Diana Rosemary Shand is a New Zealand environmentalist. She served five terms on the Canterbury Regional Council, retiring in 2004. She was a Human Rights Commissioner, was regional councillor for Oceania for the International Union for Conservation of Nature (IUCN), and is chair of the North Canterbury branch of Forest & Bird.

== Early life and education ==
Shand's parents Olga and Arthur Shand were North Canterbury farmers, and ran the high-country sheep station "Island Hills", which is on the Dove River. She had an older sister and a brother. The children received their education via The Correspondence School, with the girls later attending the boarding school Woodford House in Havelock North.

== Career ==
In the late 1980s Shand served on the Human Rights Commission. She has also served five terms on the Canterbury Regional Council, from its inauguration in the 1989 local elections until the 2004 local elections, when she retired. She was National Programme Manager for the New Zealand office of the non-profit organisation ICLEI – Local Governments for Sustainability, which delivered a Communities for Climate Protection Programme in 2008.

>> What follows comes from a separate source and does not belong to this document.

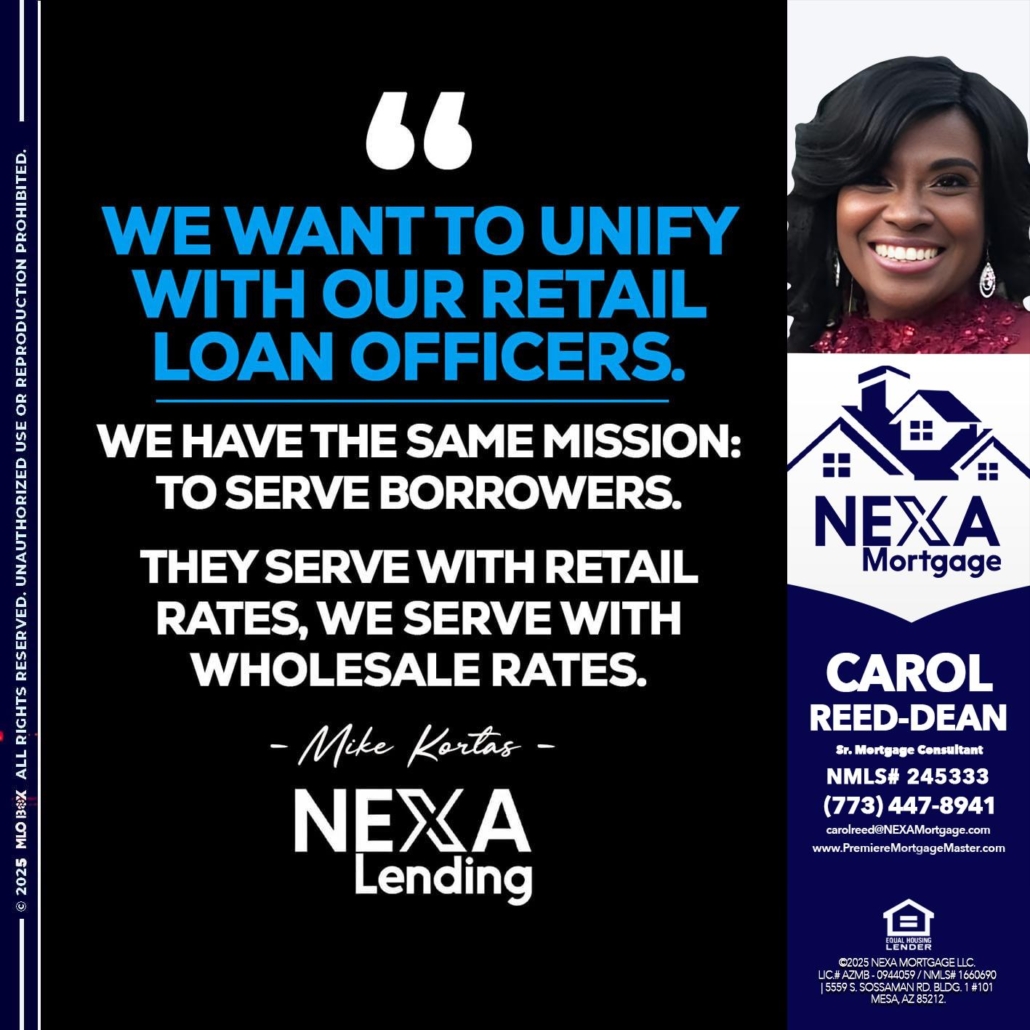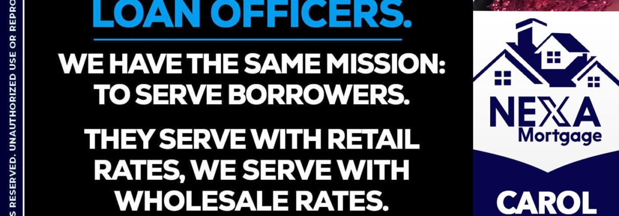 Hi, my name is Carol Dean. I’m a Loan Officer with NEXA Mortgage LLC., offering personalized mortgage solutions, fast customized quotes, great rates and service with integrity.

Shand lived with her sister Lesley, also an environmental activist, on Montreal Street in Christchurch from the early 1980s. Their house became known for political and environmental meetings, covering causes such as the 1981 Springbok Tour protests, and tenant protection and local resident issues. Flatmates at the house included politician Lianne Dalziel and landscape architect Di Lucas.

Shand was the regional councillor for Oceania for the international NGO International Union for Conservation of Nature (IUCN), until 2016. She is also a member of the executive of Environment and Conservation Organisations of Aotearoa New Zealand. Shand attended the 1992 Earth Summit in Rio as a community member of the New Zealand delegation.

Shand is Chair of the North Canterbury branch of Forest & Bird. She has spoken out against the Fast-track Approvals Act 2024. Shand has lobbied that World Heritage Sites in New Zealand be added to Schedule 4 of the Crown Minerals Act 1991, which would protect the land from mining.

Shand lectured in marketing and business studies at both Christchurch Polytechnic Institute of Technology and the University of Canterbury.

== Honours and awards ==
In the 2025 King’s Birthday Honours, Shand was appointed a Member of the New Zealand Order of Merit, for services to the environment and the community.